Ray gifted me with two-dozen of these classic little books as a graduation gift, and I still treasure them.

I have almost always been surrounded by people who encouraged and supported my efforts at writing, but Ray took it to a whole other level; he was my first serious editor – and a damn good, brutally honest one at that. Ray Rector didn’t teach me how to write, but he made me a better writer. And, I’d like to think, a better person.

That’s what the best teachers do, isn’t it?

My senior year of high school had a lot of high points, and one of those was a part-time job working nights at small donut shop. Off all the classrooms I’ve spent time in, The Donut House was one of the sweetest.

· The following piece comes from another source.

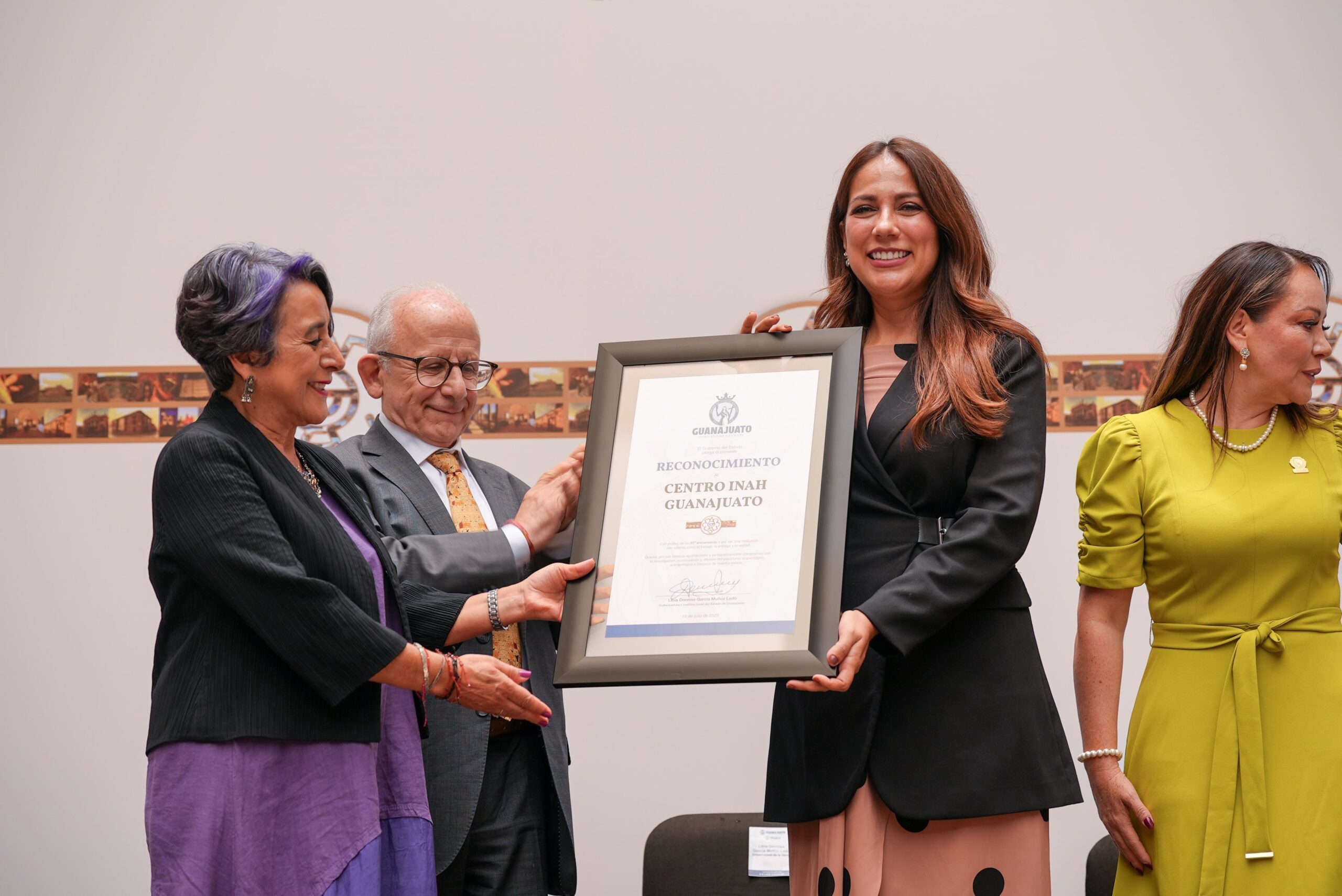 Durante su intervención, Libia Dennise García reconoció la invaluable labor que ha realizado el INAH desde su llegada al estado en 1970, subrayando que su presencia ha sido fundamental para el rescate, la preservación y la divulgación del legado histórico, arqueológico y paleontológico de Guanajuato.

Ray and I communicated via mail and phone for a number of years before losing track of each other in the late 80’s. I’ve tried to track him down a number of times since using everything from the D.U. alumni association to a website for anthropological studies and the SSI Death Index, all to no avail. I’m betting he would see the Internet as the ultimate anthropological petri dish.

I’d love to reconnect and get his take on contemporary society – over donuts and coffee, of course.

I’d also like to show him my blogs; this one, and of course, my poetry blog, Ponderable polemics, poetic https://markluckerpoet.wordpress.com/

And I’d like to tell him, after thirty-five years, I’m still taking his nightly parting words to heart: “Be well. And keep writing.”

Thanks for everything, Ray.  As we said in our donut days, “It’s in the bag.”